Author: Alan Brennert

Publisher: Macmillan

Published: 2003-10-21

Total Pages: 400

ISBN-13: 031230434X

DOWNLOAD EBOOK →

Young Rachel Kalama, growing up in Honolulu in the 1890s, is part of a big, loving Hawaiian family but, at the age of seven, Rachel's dreams are shattered by the discovery that she has leprosy.

The Dhammapada

The Dhammapada PDF

Author:

Publisher: Penguin UK

Published: 2010-08-26

Total Pages: 334

ISBN-13: 0141963557

DOWNLOAD EBOOK →

One of the best-known and best-loved works of Buddhist literature, the Dhammapada forms part of the oldest surviving body of Buddhist writings, and is traditionally regarded as the authentic teachings of the Buddha himself, spoken by him in his lifetime, and memorized and handed on by his followers after his death. A collection of simple verses gathered in themes such as 'awareness', 'fools' and 'old age', the Dhammapada is accessible, instructional and mind-clearing, with lessons in each verse to give ethical advice and to remind the listener of the transience of life. Valerie Roebuck's new translation is accompanied by an introduction examining the language of the Dhammapada, its status as literature and the school of Buddhist teaching from which it comes.

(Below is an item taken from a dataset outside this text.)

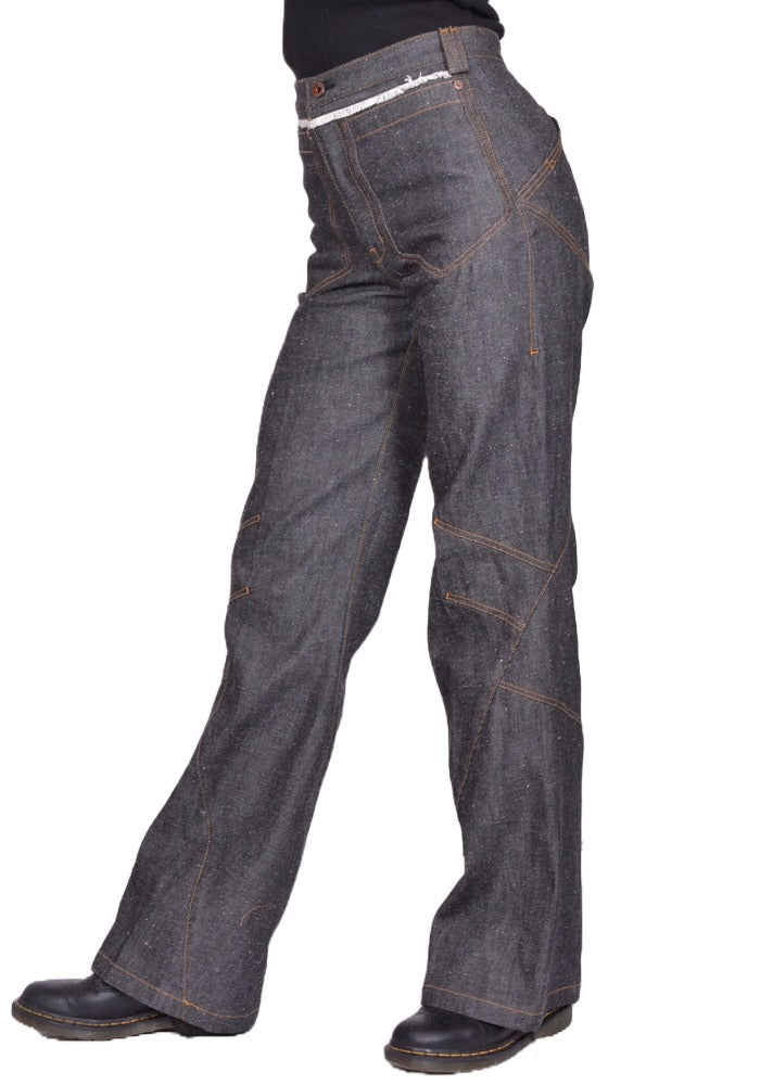 Regular fit with a straight cut, darted details, frayed waist, angled back pockets with a “K” motif belt loop, and contrast stitching.

The Snake and the Mongoose

The Snake and the Mongoose PDF

Author: Nathan McGovern

Publisher: Oxford University Press

Published: 2018-10-24

Total Pages: 368

ISBN-13: 0190640812

DOWNLOAD EBOOK →

Since the beginning of modern Indology in the 19th century, the relationship between the early Indian religions of Buddhism, Jainism, and Hinduism has been predicated on a perceived dichotomy between two meta-historical identities: "the Brahmans" (purveyors of the ancient Vedic texts and associated ritual system) and the newer "non-Brahmanical" sramana movements from which the Buddhists and Jains emerged. Textbook and scholarly accounts postulate an opposition between these two groups, citing the 2nd-century BCE Sanskrit grammarian Patañjali, who is often quoted erroneously as likening them to the proverbial enemies snake and mongoose. Scholars continue to privilege Brahmanical Hindu accounts of early Indian history, and further portray Buddhist and Jain deviations from those accounts as evidence of their opposition to a pre-existing Brahmanism. In The Snake and The Mongoose, Nathan McGovern turns this commonly-accepted model of the origins of the early Indian religions on its head. His book seeks to de-center the Hindu Brahman from our understanding of Indian religion by "taming the snake and the mongoose"--that is, by abandoning the anachronistic distinction between "Brahmanical" and "non-Brahmanical." Instead, McGovern allows the earliest articulations of identity in Indian religion to speak for themselves through a comparative reading of texts preserved by the three major groups that emerged from the social, political, cultural, and religious foment of the late first millennium BCE: the Buddhists and Jains as they represented themselves in their earliest sutras, and the Vedic Brahmans as they represented themselves in their Dharma Sutras. The picture that emerges is not of a fundamental dichotomy between Brahmanical and non-Brahmanical, but rather of many different groups who all saw themselves as Brahmanical. Thus, McGovern argues, it was through the contestation between these groups that the distinction between Brahmanical and non-Brahmanical--the snake and the mongoose--emerged.